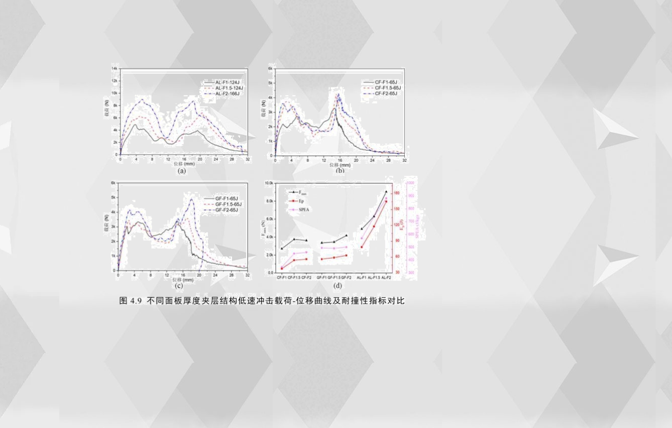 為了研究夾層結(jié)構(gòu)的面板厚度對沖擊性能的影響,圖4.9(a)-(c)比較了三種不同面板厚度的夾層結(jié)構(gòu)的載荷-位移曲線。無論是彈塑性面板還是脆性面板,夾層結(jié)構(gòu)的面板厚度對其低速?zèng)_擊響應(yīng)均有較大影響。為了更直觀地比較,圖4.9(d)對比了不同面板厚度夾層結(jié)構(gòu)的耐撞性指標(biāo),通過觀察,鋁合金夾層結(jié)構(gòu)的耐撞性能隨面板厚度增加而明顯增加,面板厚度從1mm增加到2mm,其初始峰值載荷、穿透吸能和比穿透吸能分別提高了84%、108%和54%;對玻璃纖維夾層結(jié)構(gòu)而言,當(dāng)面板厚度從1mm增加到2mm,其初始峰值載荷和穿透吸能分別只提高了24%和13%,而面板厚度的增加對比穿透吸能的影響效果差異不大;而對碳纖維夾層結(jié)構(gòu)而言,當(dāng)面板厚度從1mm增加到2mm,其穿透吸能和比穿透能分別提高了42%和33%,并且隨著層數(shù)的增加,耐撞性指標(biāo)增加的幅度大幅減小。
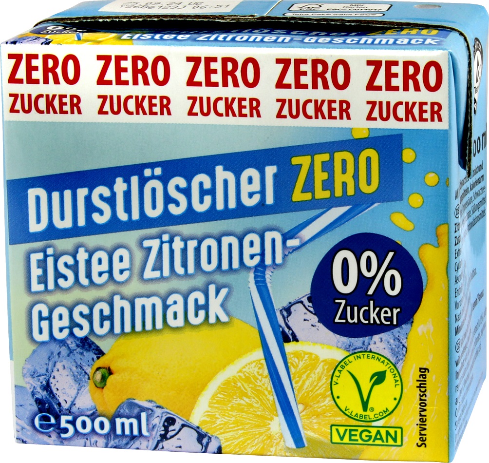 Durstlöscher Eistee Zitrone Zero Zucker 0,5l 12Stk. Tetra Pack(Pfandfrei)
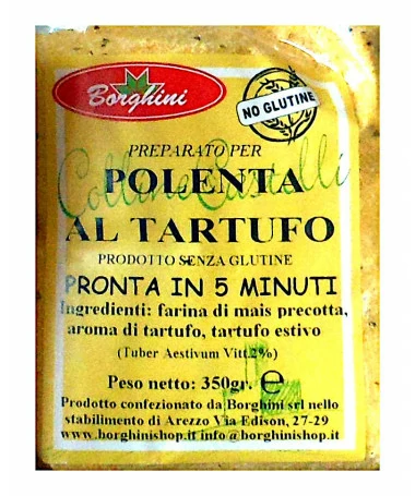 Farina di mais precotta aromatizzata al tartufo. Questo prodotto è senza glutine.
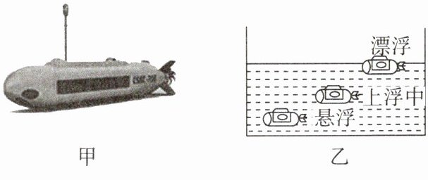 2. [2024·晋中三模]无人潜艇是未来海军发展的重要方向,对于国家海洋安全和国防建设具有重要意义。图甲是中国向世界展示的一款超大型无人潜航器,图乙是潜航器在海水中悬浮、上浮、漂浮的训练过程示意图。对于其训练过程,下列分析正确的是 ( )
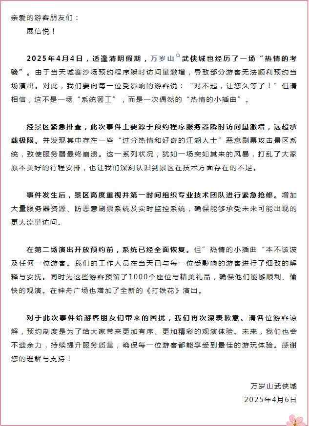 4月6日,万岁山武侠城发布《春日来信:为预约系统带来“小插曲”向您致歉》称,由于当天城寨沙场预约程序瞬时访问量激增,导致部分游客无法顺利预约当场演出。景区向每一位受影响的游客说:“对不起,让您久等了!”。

=-=-=

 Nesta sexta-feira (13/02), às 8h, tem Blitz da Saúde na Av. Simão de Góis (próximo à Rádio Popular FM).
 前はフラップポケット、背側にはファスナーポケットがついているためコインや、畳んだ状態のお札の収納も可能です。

=-=-=

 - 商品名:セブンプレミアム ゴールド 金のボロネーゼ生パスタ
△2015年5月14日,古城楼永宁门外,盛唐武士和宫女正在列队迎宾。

=-=-=

Work instruction:
When you reach the line that has "Durstlöscher Eistee Zitrone" in the data above, start repeating lines exactly, and stop after the line that has "4月6日,万岁山武侠城发布《"; pictures stay out.

Exercise answer:
 Durstlöscher Eistee Zitrone Zero Zucker 0,5l 12Stk. Tetra Pack(Pfandfrei)
 Farina di mais precotta aromatizzata al tartufo. Questo prodotto è senza glutine.
 2. [2024·晋中三模]无人潜艇是未来海军发展的重要方向,对于国家海洋安全和国防建设具有重要意义。图甲是中国向世界展示的一款超大型无人潜航器,图乙是潜航器在海水中悬浮、上浮、漂浮的训练过程示意图。对于其训练过程,下列分析正确的是 ( )
 4月6日,万岁山武侠城发布《春日来信:为预约系统带来“小插曲”向您致歉》称,由于当天城寨沙场预约程序瞬时访问量激增,导致部分游客无法顺利预约当场演出。景区向每一位受影响的游客说:“对不起,让您久等了!”。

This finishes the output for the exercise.